Data extracted from a collection
Content starts

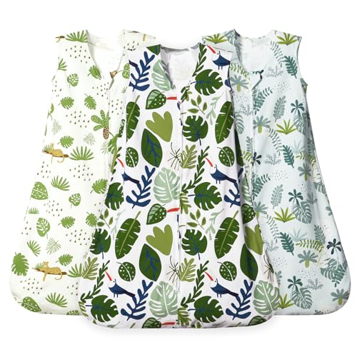 david's kids 3 Pack 100% Cotton Baby Sleep Sack 6-12 Months, Ultra Soft Baby Wearable Blankets with 2-Way Zipper, Comfy Sleeping Bags for Infant Newborn Boys Girls Neutral, Medium Size, Leaf
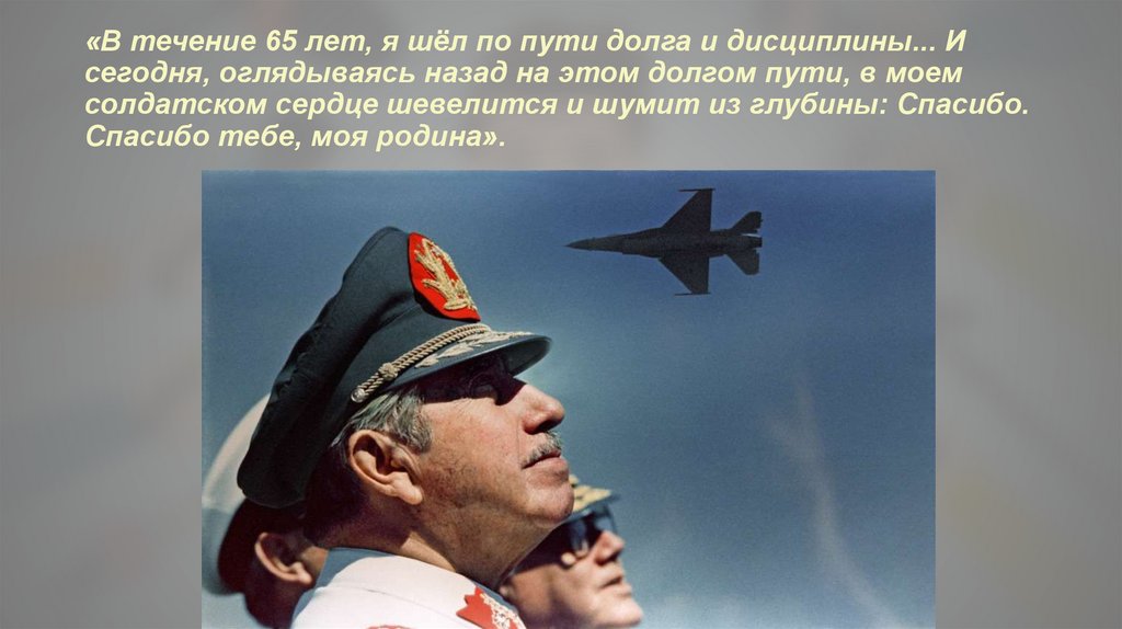 «В течение 65 лет, я шёл по пути долга и дисциплины... Исегодня, оглядываясь назад на этом долгом пути, в моем
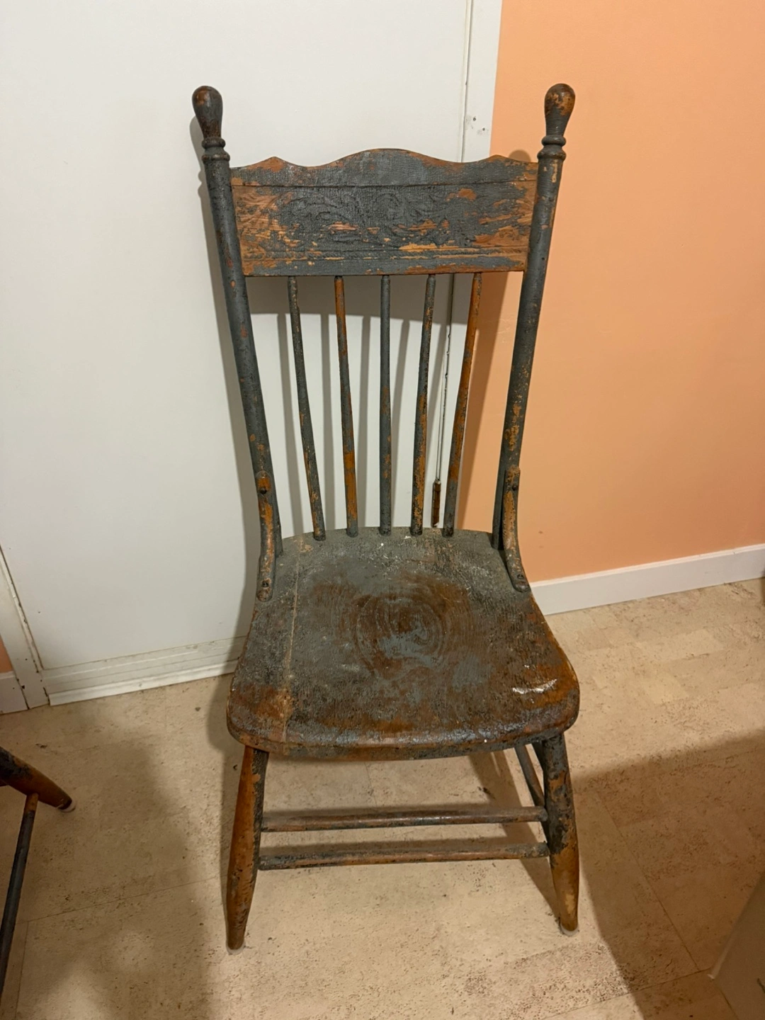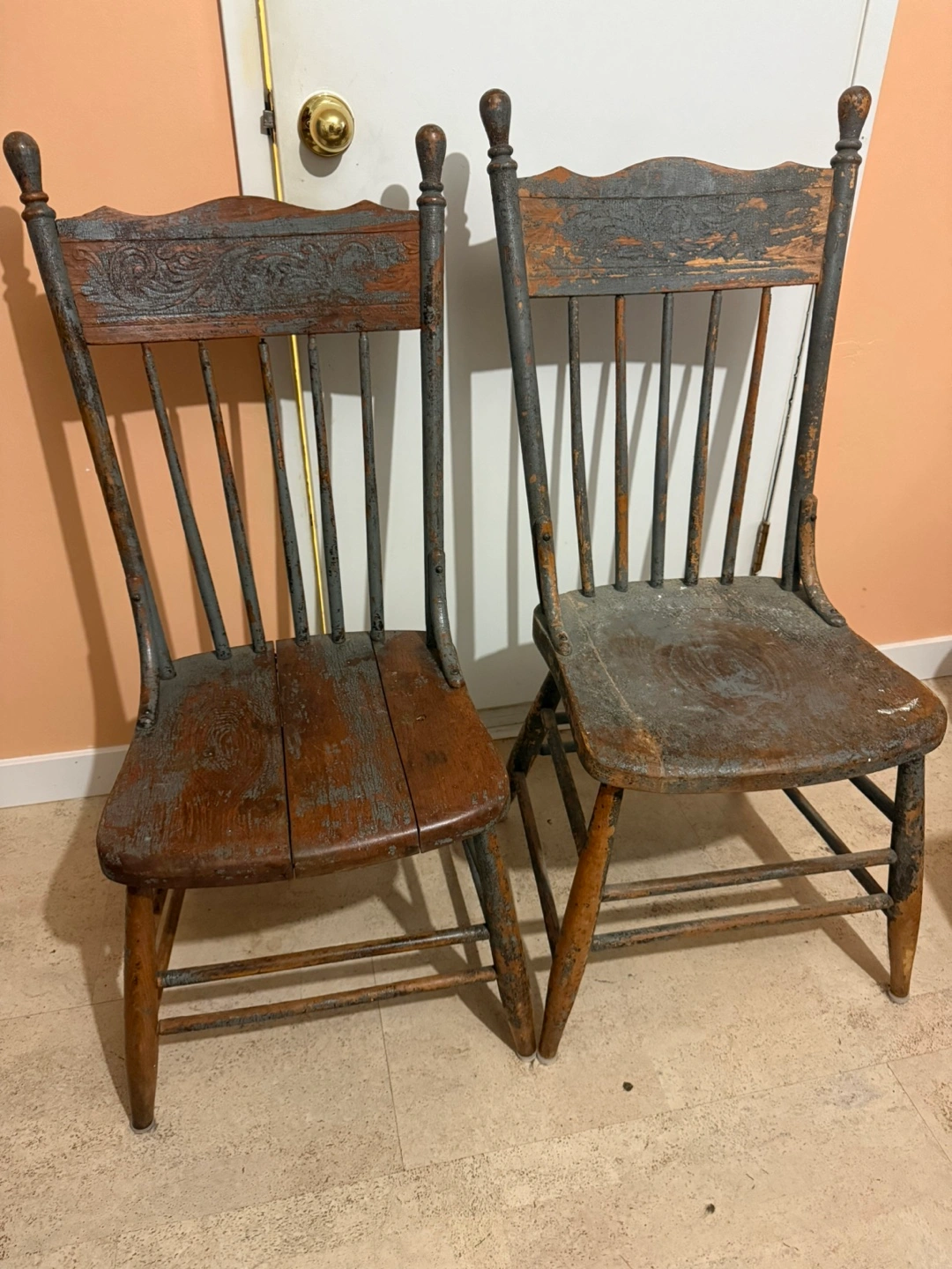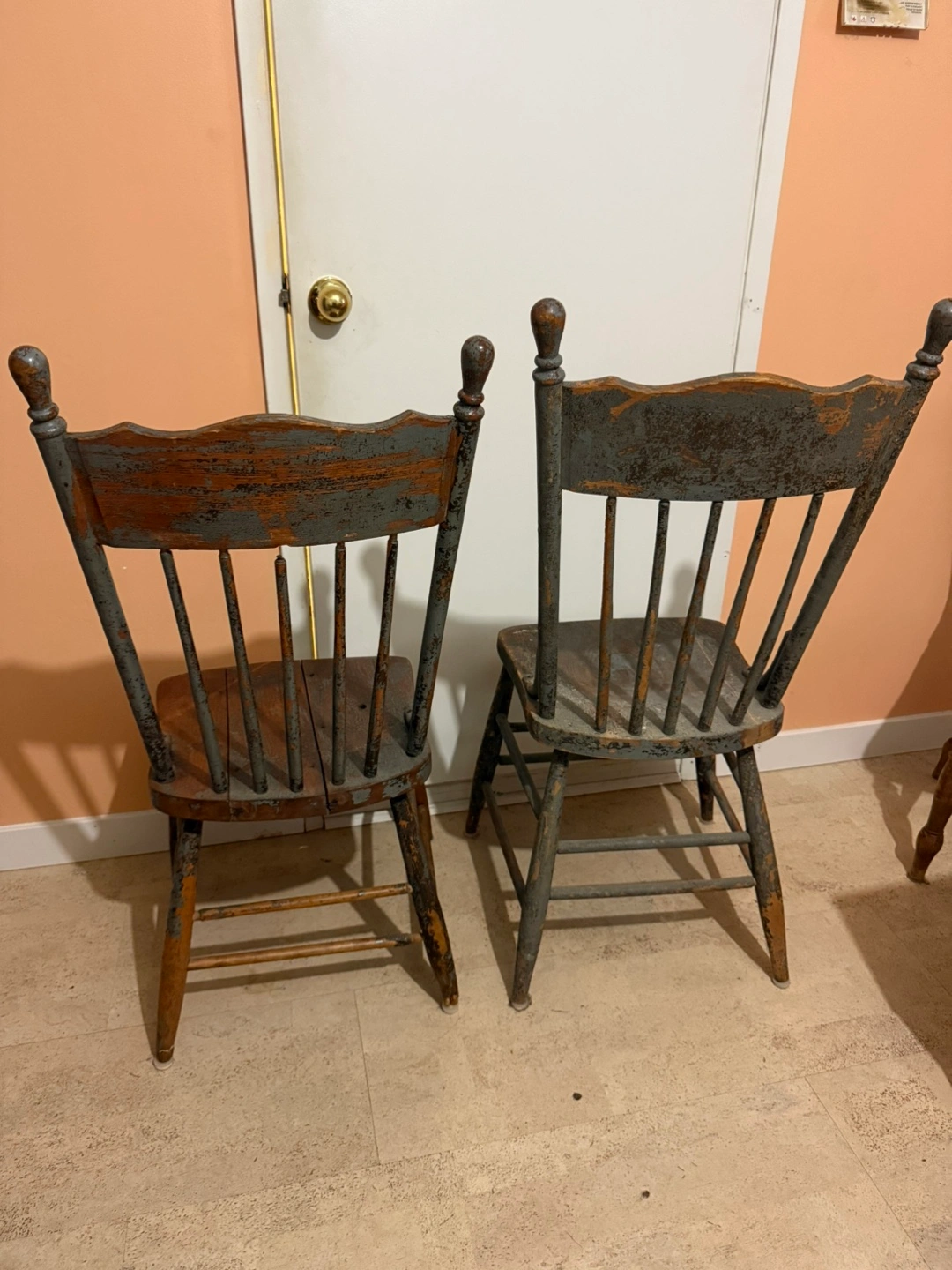 Selling a set of two vintage wooden chairs. They show signs of wear and tear, adding to their unique character. Perfect for adding a rustic touch to your home!
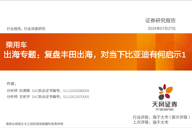 【天风证券】【20240727】乘用车行业出海专题:复盘丰田出海,对当下比亚迪有何启示-20页
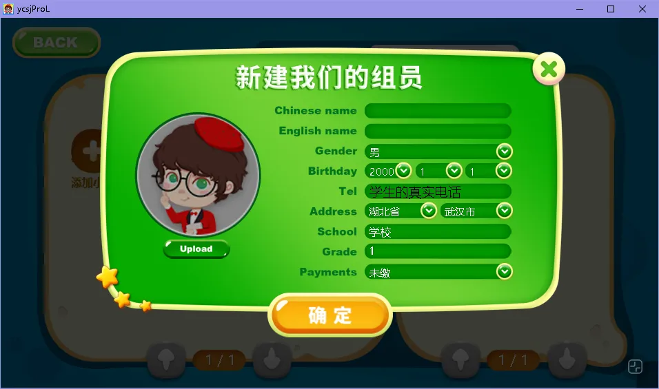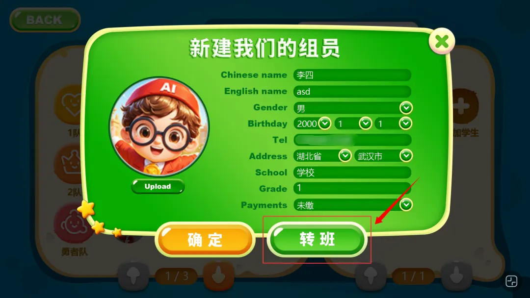 其中,“Tel”需填写学生登录金牌君小程序的手机号;“School”一栏建议填写学生当前正在就读的学校(非机构学校名称);学生头像支持本地上传,点击“Upload”按钮可上传头像照片(文件类型仅支持png及jpg格式),上传后可通过滑动滚轮调整图片大小,在红框内双击即可确定头像。

Content ends

Exercise prompt:
Write out exactly the lines from the one containing "Selling a set" through the end of the entries, both included. Pictures are not copied.

Answer:
 Selling a set of two vintage wooden chairs. They show signs of wear and tear, adding to their unique character. Perfect for adding a rustic touch to your home!
 【天风证券】【20240727】乘用车行业出海专题:复盘丰田出海,对当下比亚迪有何启示-20页
 其中,“Tel”需填写学生登录金牌君小程序的手机号;“School”一栏建议填写学生当前正在就读的学校(非机构学校名称);学生头像支持本地上传,点击“Upload”按钮可上传头像照片(文件类型仅支持png及jpg格式),上传后可通过滑动滚轮调整图片大小,在红框内双击即可确定头像。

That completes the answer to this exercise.